Дэн Симмонс, «Террор»

Автор культовых умопомрачительных саг и малозаметных хорроров выбился в культурную элиту, предложив читателю новейший вариант конспирологии: Симмонс принялся крушить античные загадки бешеными, но кропотливо обоснованными методами решения. Наиболее удачным оказался 1-ый опыт, в каком создатель дважды врёт ушлого читателя. Сначала — подсунув заместо ожидаемого триллера многословную, нудноватую и чисто реалистическую реконструкцию отчета о арктическом походе кораблей «Эребус» и «Террор», которые погибли посреди 19 века, отправившись на поиски Северо-Западного прохода к Канаде. По версии Симмонса, к обычно губившим экспедиции догматичности планирования, чванливости командования и воровству поставщиков добавился основной несопоставимый с жизнью фактор: живущее во льдах чудовище, которое выныривает из хоть какого сгустка полярной ночи, походя перекусывает жителя нашей планеты совместно с реей и любит выкладывать паззлы из фрагментов человечьих тел. Первые 500 страничек 900-страничного тома посвящены обстоятельному нагнетанию кошмара: экипаж посиживает на промерзших кораблях, разов в неделю сносит в кишашие крысами трюмы очередные мертвецы и с тоской глядит в будущее. А читателю еще печальней. А позже Симмонс врёт читателя еще разов, всунув его совместно с героями в концовку, представить которую было невероятно, и которая захватывает, как в детстве. И стращает соответственно.

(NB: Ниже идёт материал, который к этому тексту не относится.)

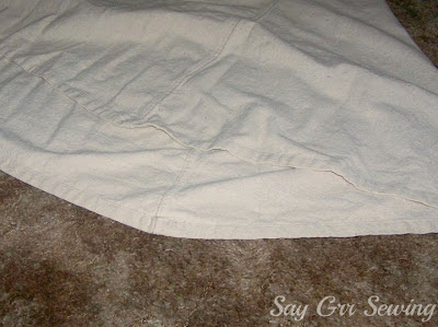 If you read a lot of blogs, you have probably noticed people using painter's drop-cloths for all sorts of things, from curtains, to tablecloths, to tree skirts. There is one thing, however, that I haven't seen many people use a drop-cloth for: clothing. About a year and a half ago I decided to remedy that, and made myself a skirt using one.
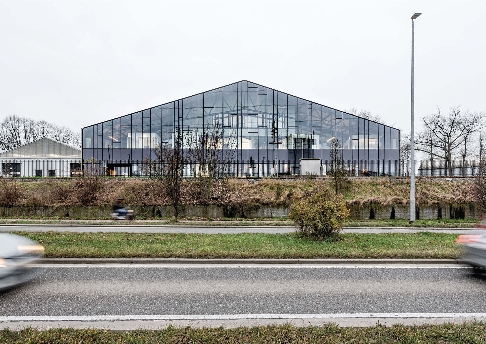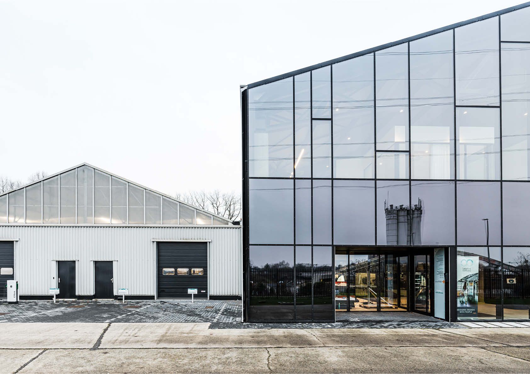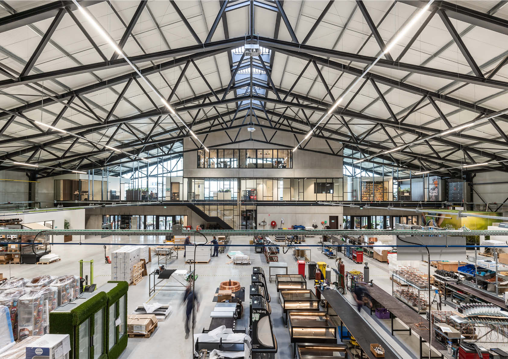 Het is zeker niet standaard om een productie-eenheid uit te rusten met een zadeldakstructuur, maar het komt de visuele synergie ten goede. De stalen vakwerkspanten lieten ons eveneens toe om heel grote overspanningen te realiseren, zodat de productiehal volledig vrij is van kolommen en één open ruimte vormt. Dat is ook interessant met het oog op de toekomst, want het gebouw kan zonder al te grote aanpassingen een nieuwe functie krijgen.

Василий Щепетнев, «Черная Земля»

Не столько пугающий, сколько беспокойно озадачивающий цикл сухих, твердых и чрезвычайно цепляющих повестей, в каждой из которых герой, то комсомолец-двадцатипятитысячник, то красноармеец при летучем отряде НКВД, то спецврач, а то бомбила с грузовиком, сталкивается с чертилами и оборотнями, выскакивающими из подвалов и лесов воронежского захолустья. Многое, как положено у Щепетнева, разъясняется происками Советской власти, сносящей церкви и взрывающей энергоблоки, но объективному читателю создатель, как, вновь же, ему положено, дает понять, что большевики лишь сняли крышку с обустроенного не ними дьявольского инкубатора. Пару разов Щепетнев, издавна играющий с другим течением истории, не удержался от того, чтоб грубо воткнуть классический сюжет в настоящую деревенскую жизнь. Чтобы показать, к примеру, как историю гоголевского «Вия» увидел бы левый путешественник, по партийной полосы ночующий в церкви, пока Хому колбасят под вопли «И ты, Брут!» Или как повернулись бы действия в отеле «У погибшего альпиниста», ежели бы туда съехались естествознатцы да спецлаборанты, а заместо инопланетян шалили зомби с верволками. Вынужден доложить, что все одинаково ничего превосходного не вышло. Часть основных героев живой осталась — и то хлеб. Черный таковой.